Effect of growth factors on the activation of human Tenon's capsule fibroblasts

Purpose. To investigate stimulatory effects of PDGF-AA, PDGF-AB, PDGF-BB, bFGF, IL-1beta, TGF-beta1 and TGF-beta2 on the proliferation and myofibroblast transformation of cultured human Tenon's capsule fibroblasts and to characterize expression of PDGF- and TGF-beta-receptors in these cells. Methods. To determine cell proliferation, cell number of 2nd passage cultured human Tenon's capsule fibroblasts was measured before and after addition of growth factors using a computer-based cell counter system. Immunoblotting was used to detect and quantitate alpha-smooth-muscle actin (alpha-SMA) expression. Expression of PDGF- and TGF-beta-receptor mRNA was detected by RT-PCR, expression of the corresponding protein was demonstrated using Western blot. Results.
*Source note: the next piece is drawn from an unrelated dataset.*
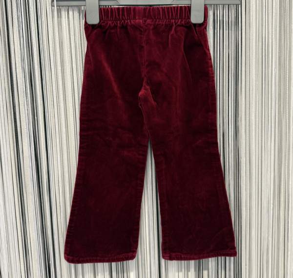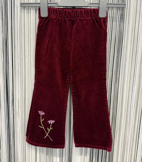 Popis | Dívčí sametové kalhotové tepláky, značky Marks Spencer, vínové barvy s květinou na nohavici. Délka vnitřní nohavice - 37 cm Kalhoty velmi pěkné bez vad. Second hand. |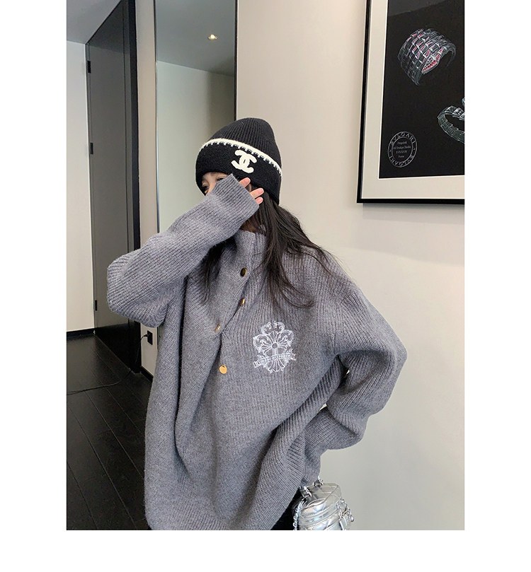 【トップス】レトロ デザイン 小犬柄 クルーネック ニット レディース ゆったり ルーズ 着回し セーター【FCシリーズ】

A significant increase in proliferation (p less than or equal to 0.05) was detected after exogenous stimulation with PDGF-AA (10 ng/ml and 100 ng/ml), PDGF-AB (10 ng/ml and 100 ng/ml), PDGF-BB (10 ng/ml and 100 ng/ml), bFGF (100 ng/ml), IL-1beta (1 ng/ml and 10 ng/ml), TGF-beta1 (0.5 ng/ml) and TGF-beta2 (0.5 ng/ml). Both TGF-1 and TGF-2 stimulated expression of alpha-SMA in a dose dependent manner with peak activity at a concentration of 50 ng/ml (TGF-beta1) and 500 ng/ml (TGF-beta2). Protein and mRNA of PDGF-receptor type alpha and type beta and TGF-beta-receptors type I, II and III are expressed in cultured human Tenon's capsule fibroblasts. Conclusions. The present investigation strongly supports the hypothesis that PDGF-isoforms are major stimulators of proliferation of Tenon's capsule fibroblasts after glaucoma filtering surgery while TGF-beta-isoforms are essential for the transformation of Tenon's capsule fibroblasts into myofibroblasts.